What is mitochondria and how do we get more of it?  Some of us are genetically blessed with higher mitochondria counts. Thank your mother for that – it comes through the maternal side of the genetic equation. If you didn’t win the genetic lottery, then the only way you can increase mitochondria is through LONG, SLOW, ENDURANCE training (LSE). When you go for a long run at a slow pace, you actually produce mitochondria. Kind of cool, huh? Now remember – we need mitochondria to help ignite our fuel sources. So what does that mean for you? It means SLOW DOWN on your long run – give your body a chance to become a mitochondria production factory. If you do your long run at a strong pace, you’re missing out on this benefit.So we will be keeping it SLOW on Thursdays, and now you know why.

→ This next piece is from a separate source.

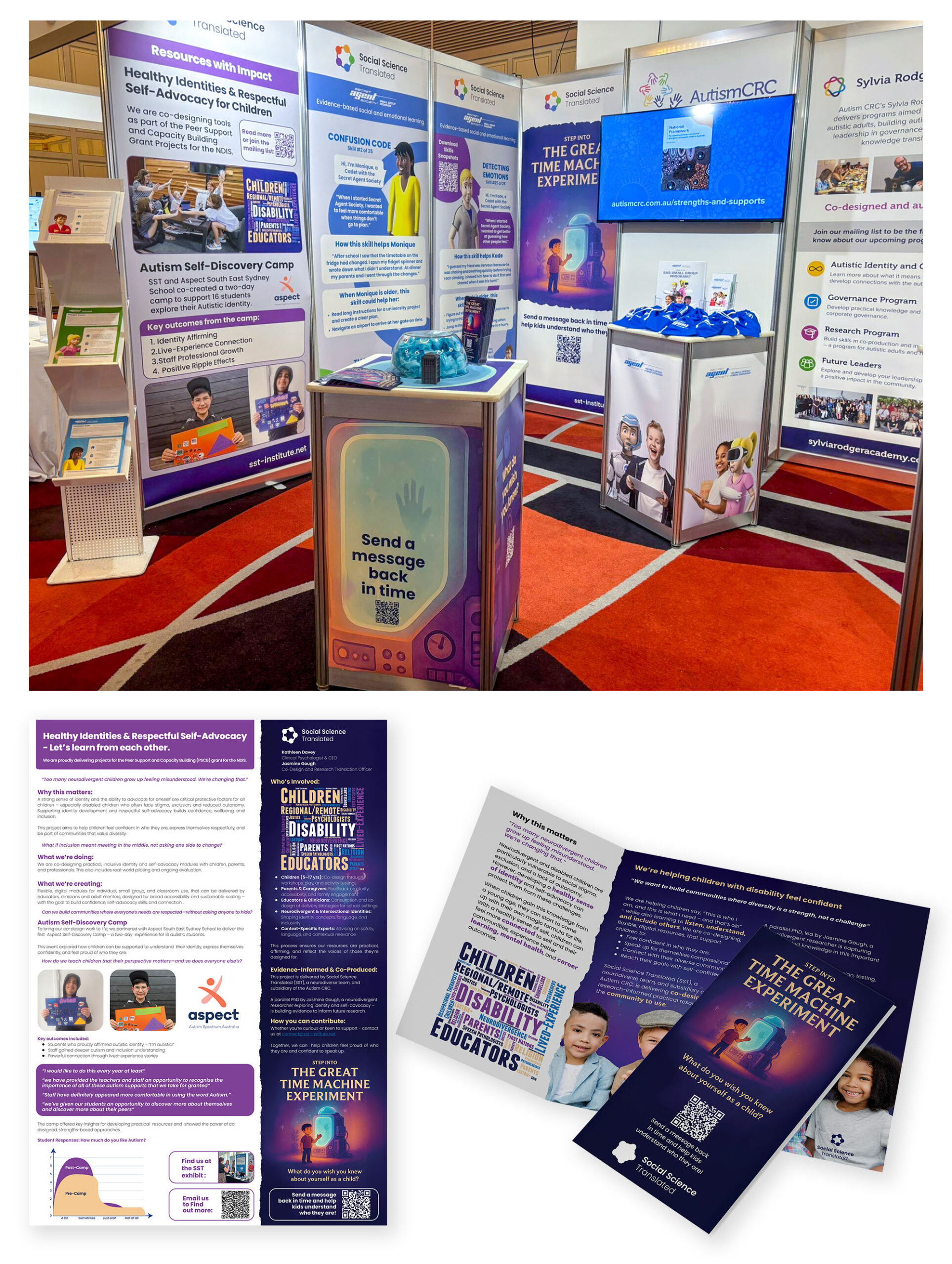 The Great Time Machine is a side project with new branding and colours, some of the print work is seen here in the APAC booth along side matching Secret Agent Society content. Other work under this brand are academic posters, brochures and digital.

Proposed Route – 70 min/about 6 miles – Hyde Park Loop
RunGo:  https://routes.rungoapp.com/route/ybk4zOsBh9
Starting point is Barclays.  From there, run down Circus Road and turn left on Grove End/ Lisson Grove.  Cross over Marylebone Rd (now you’re on Seymour Pl) and run until the road ends.  Turn right on Seymour St, cross Edgware Rd, and turn left at the next street (Stanhope Pl).  Cross into Hyde Park, cross over the Carriage Rd.  Turn right at the silver sphere after entering the park.  Cross over N Carriage Rd and turn left just after the Italian Gardens at the bottom of the hill.  Run along the water (it turns into the Serpentine) and turn right at the end to run along the southern edge of the park toward Hyde Park Corner.  Then turn left and head back up along the eastern edge of the park before exiting at the Upper Brook St/Animals of War exit.  After you cross Park Ln, make your first left onto Park St and keep going until you get to Park Rd.  Turn left on Park Rd and make your way back to Starbucks.